Sure, Hollywood gladly took Youtube’s money when they came paying, but they never really wanted Youtube to succeed because that would mean they’d have to change and adapt. And they don’t want to do that and they’re not really very good at it even when they do try.
I feel the attempts that have been made have been done so either with inadequate talent, or with inadequate effort. Again, that sentiment may just be my ego telling me to try something bigger than I’m capable of doing.
* * *
My first week on Cruel Hearts ended on Wednesday and I came home that night. I was really depressed. I sent out ALGORITHM’s crowdfunding perks to the international backers on Thursday. On Friday I don’t really remember what I did.
When Memi came home, she brought a grapefruit home with her as a birthday present because Saturday was my birthday. I don’t like grapefruit and she left the room sad. Later, she came and laid on me as I told her how I was feeling. She cheered me up a little bit which was good because I really needed it for what would come next.
The next day, we went to a local diner called Norms for breakfast. I was craving pancakes. When we got back home, Memi spent the next 4 hours throwing up. It wasn’t Norms. She was having a reaction to her antibiotics. She’s been sick for over a month. She also started to break out in a rash. It wasn’t an allergic reaction. It’s very rare. I took her to Urgent Care and they were able to figure it out after about an hour of tests. It goes away in about a week.

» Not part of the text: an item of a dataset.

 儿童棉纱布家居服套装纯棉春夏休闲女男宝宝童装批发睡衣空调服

This was a pretty crappy birthday.
* * *
For a while I was just in a tailspin, heading toward the ground, totally resigned to my eminent doom. But, always in the back of my mind are the years I spent trying to write fiction prose. I would write something and send it out. I would then wait until I got a response, knowing that someone would eventually discover my genius and raise me to the heights.
It never happened.
No one ever came.
I got some nice rejection letters, the top 3 of which I’ve framed. No one ever gave me permission. Eventually I just got tired of waiting on others to say yes. I realized that every day I wait on someone else to say yes is one more day where my dreams remain only in my mind, completely unrealized.
I remind myself of that every time I get depressed. No one is coming to pick me up. No one is coming to save me. Each day I wallow in self-pity is one more day my dreams don’t happen.

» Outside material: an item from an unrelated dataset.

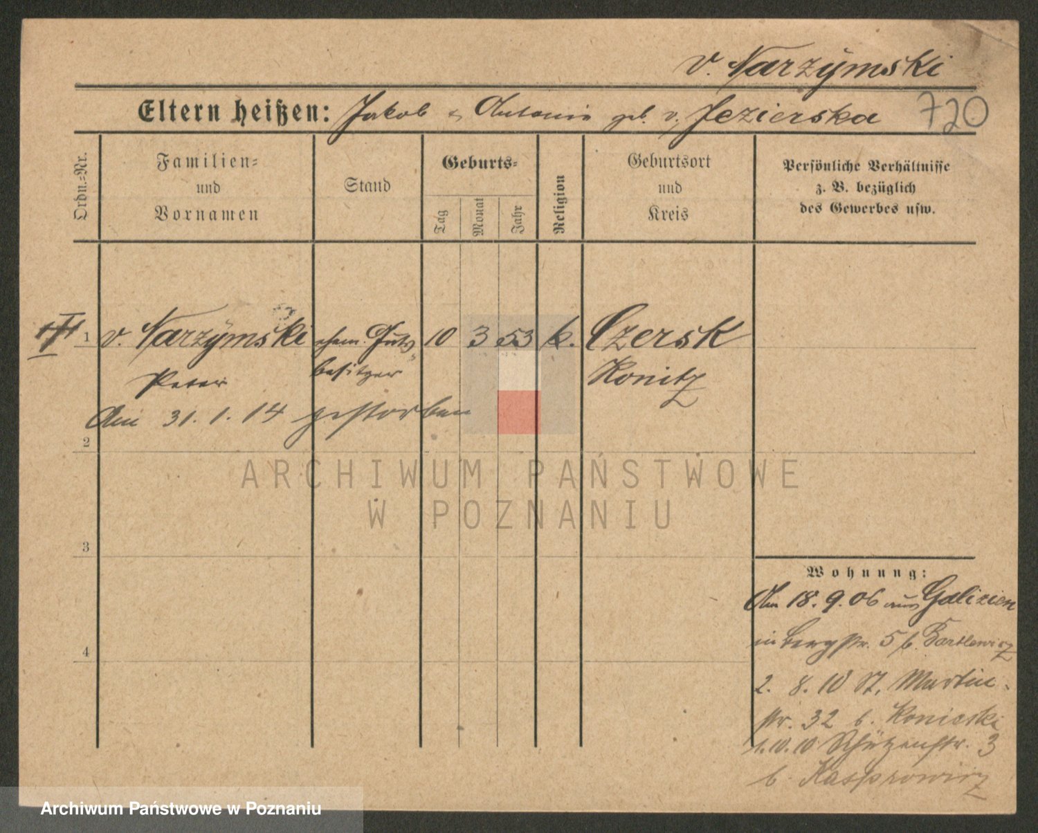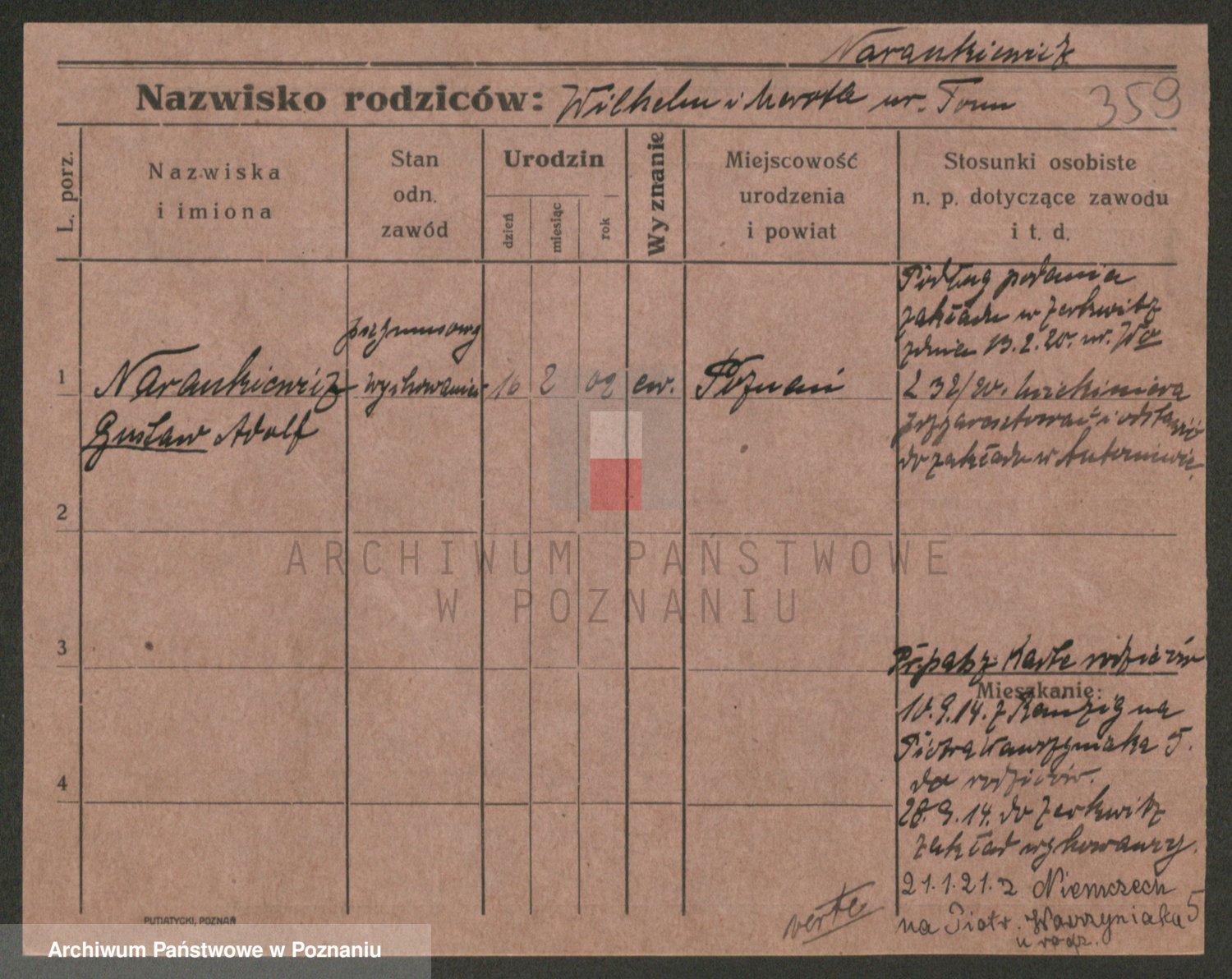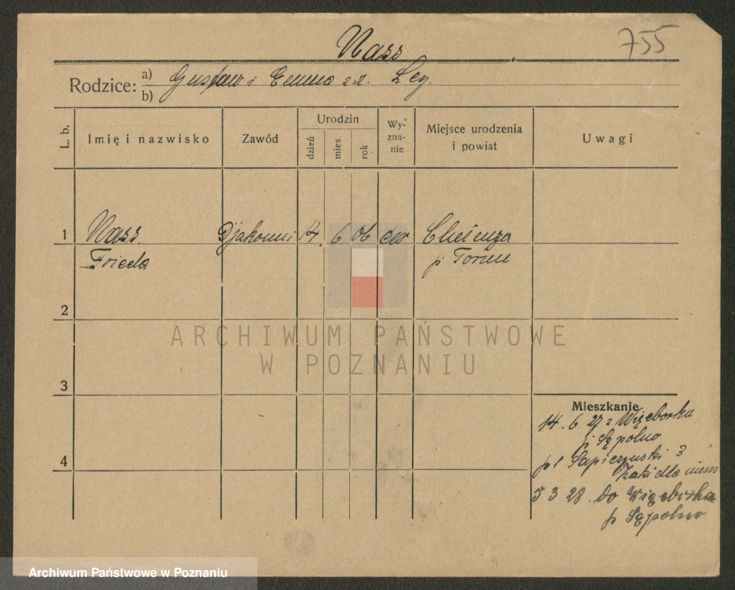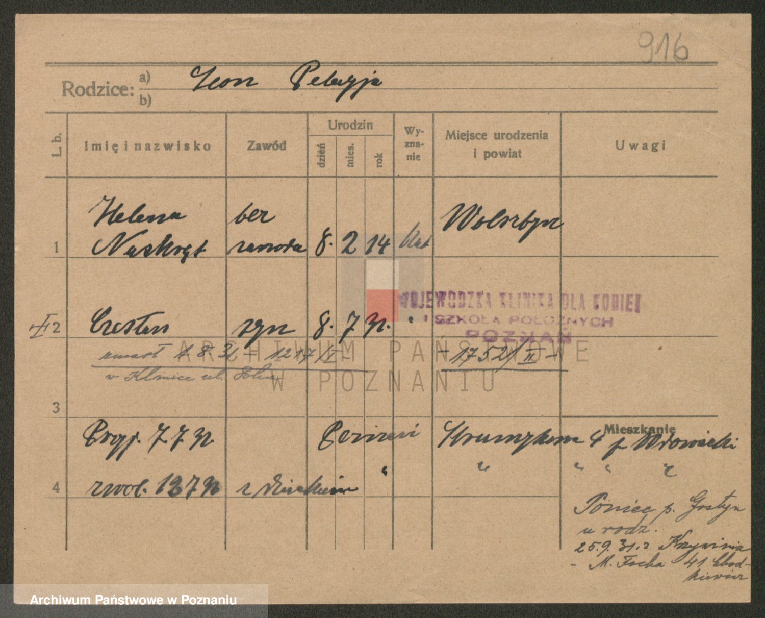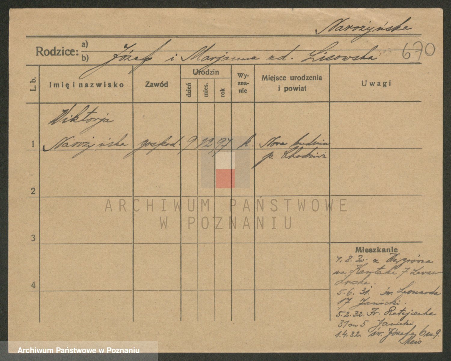 Podgląd karty osobowej dostępny jest po kliknięciu na nazwisko lub ikonkę karty. Można dokonywać powiększenia (ikony na górze) lub przechodzić między kolejnymi skanami (strzałki po bokach).
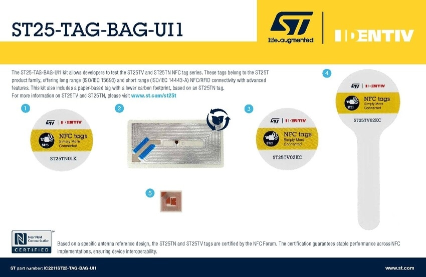 The ST25-TAG-BAG-UI1 is a ready-to-use tag set, containing tags based on NFC Forum Type 5 (ST25TV02KC) and NFC Forum Type 2 (ST25TN01K) tag ICs. These ICs are combined with antennas of different size and material, with advanced designs (like tamper detect), to address different applications.

How bad do I want my dreams? That’s the question? How hard am I willing to fight to make them happen?
Will I give up as so many of my friends have done, or will I just fight harder, risk more, work until I’m long past the point where exhaustion would normally have taken me down. I’ve been emotionally broken so many times, bruised and beaten, both physically and mentally that I’m now well acquainted with the symptoms.

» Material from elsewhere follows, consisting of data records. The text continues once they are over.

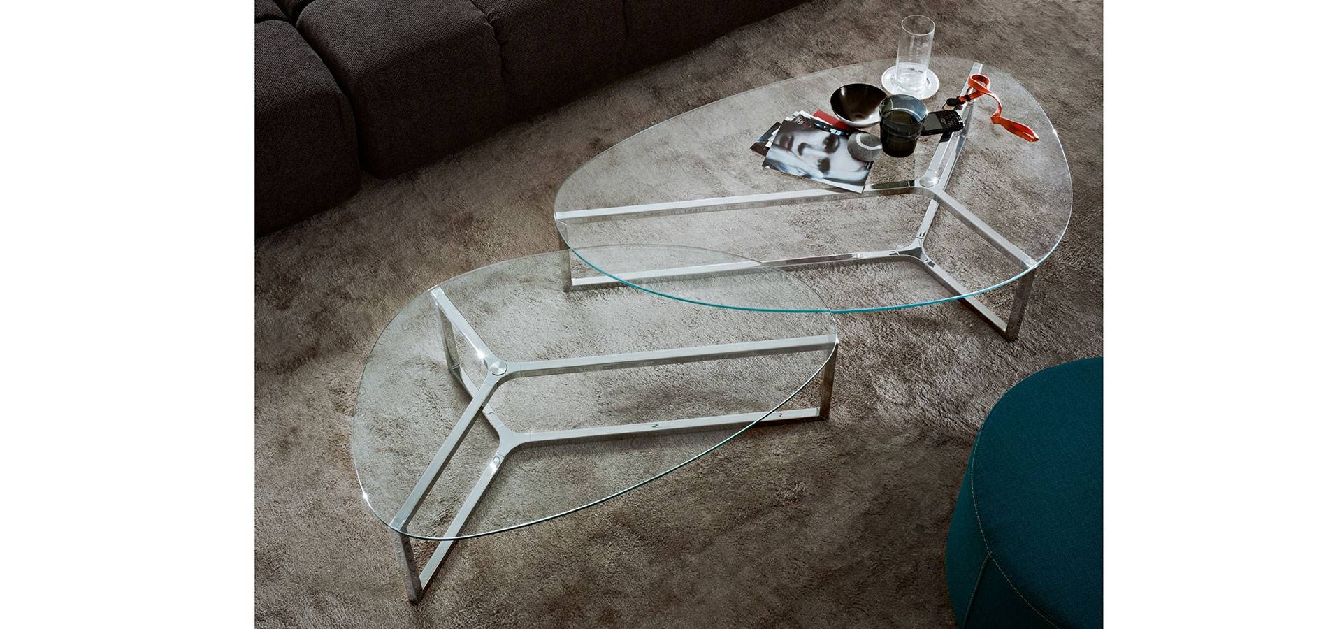 Top is made of 8mm transparent tempered glass. Base made of bright stainless steel (20x20x1,5mm). The core section is chromed aluminum. Tempered smoked "grigio Italia" glass top and burnished lacquered metal structure are also available.
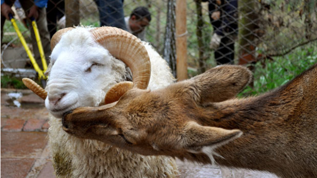Oh look, it’s Rick Santorum’s worst nightmare. Changmao the ram and Chunzi the doe are engaging in some sheep-on-deer marriage at China’s Yunnan Provincial Wildlife Park today, because true love knows no species, especially when you’re both even-toed ungulates who are too dumb to understand taxonomy.
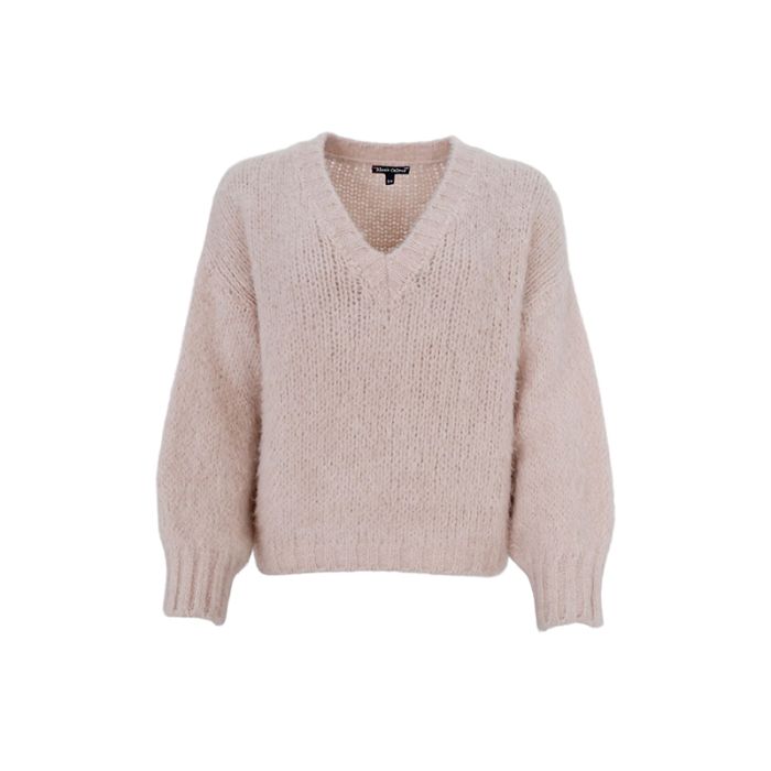 Super blød strik trøje. Kvaliteten er en "håret" stil, og fibrene bevæger sig til et pels-lignende udseende under brug.
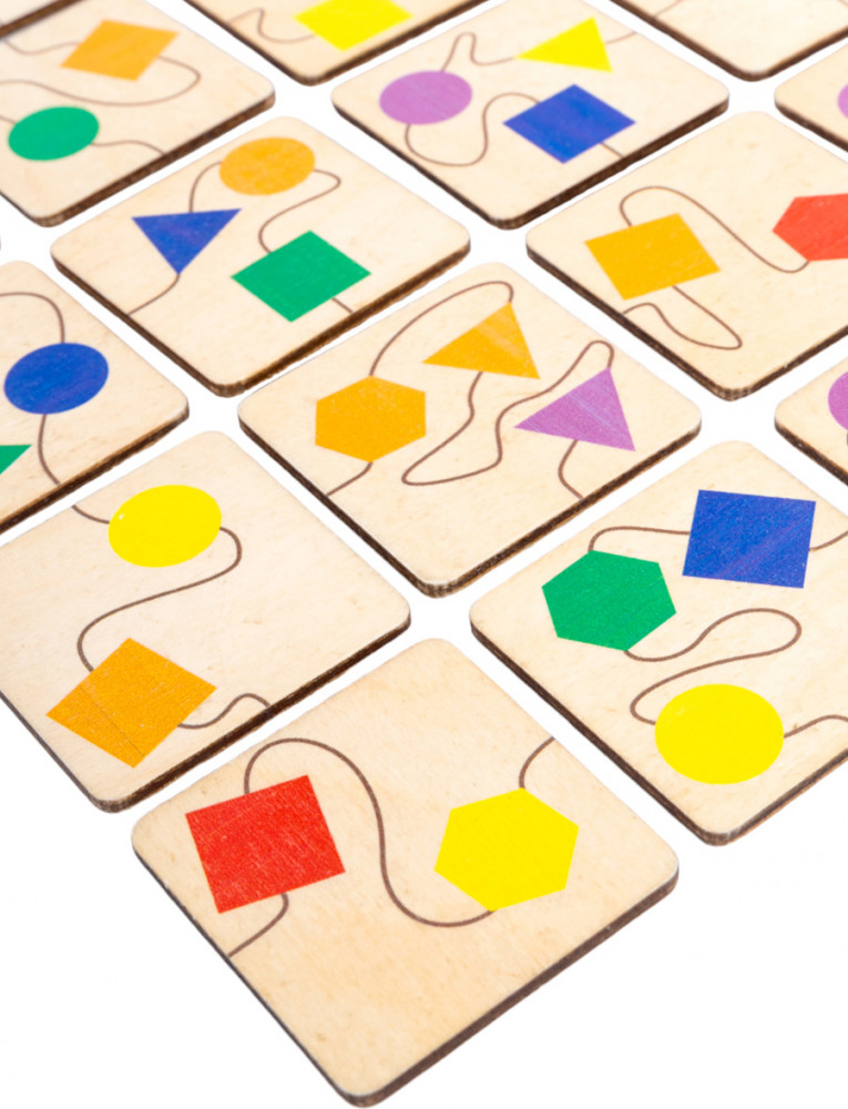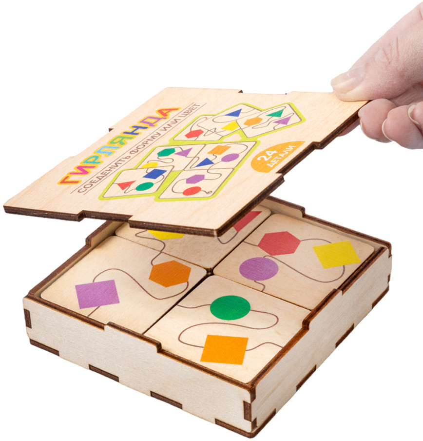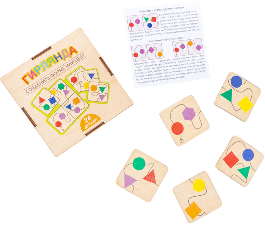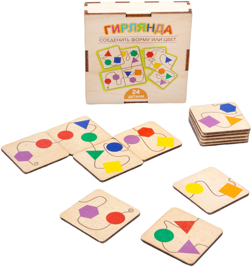 💳 Оплатить за товар можно при получении 🇰🇿 Есть бесплатная доставка по Казахстану от 1 дня 🎁 Копите бонусы с каждой покупки Деревянные пазлы для детей «Гирлянда» — интересная развивающая игра с элементами из древесного материала (экологичной березовой фанеры). На фишках изображены разноцветные геометрические фигуры, соединенные между собой «веревочками». Соединяйте «веревочки», подбирая фигуры по цвету или по форме. |

I know that when I send something out for review, unless the review has NOTHING negative to say, I’m going to focus on the negative part and I’ll be sad. That sadness lasts 2 days. Then I can start working again.
With this recent beating I’ve got several choices. I can keep working with my current plan until it actually fails and if it does, I can give up. I can give up without trying anything. Or, and this is the one I’m going to do, I can try my plan as planned, and if it fails, I’ll modify it and try again until I get it done. That’s what I did with ALGORITHM. And ALGORITHM has worked better than I or anyone else’s remotely realistic hopes.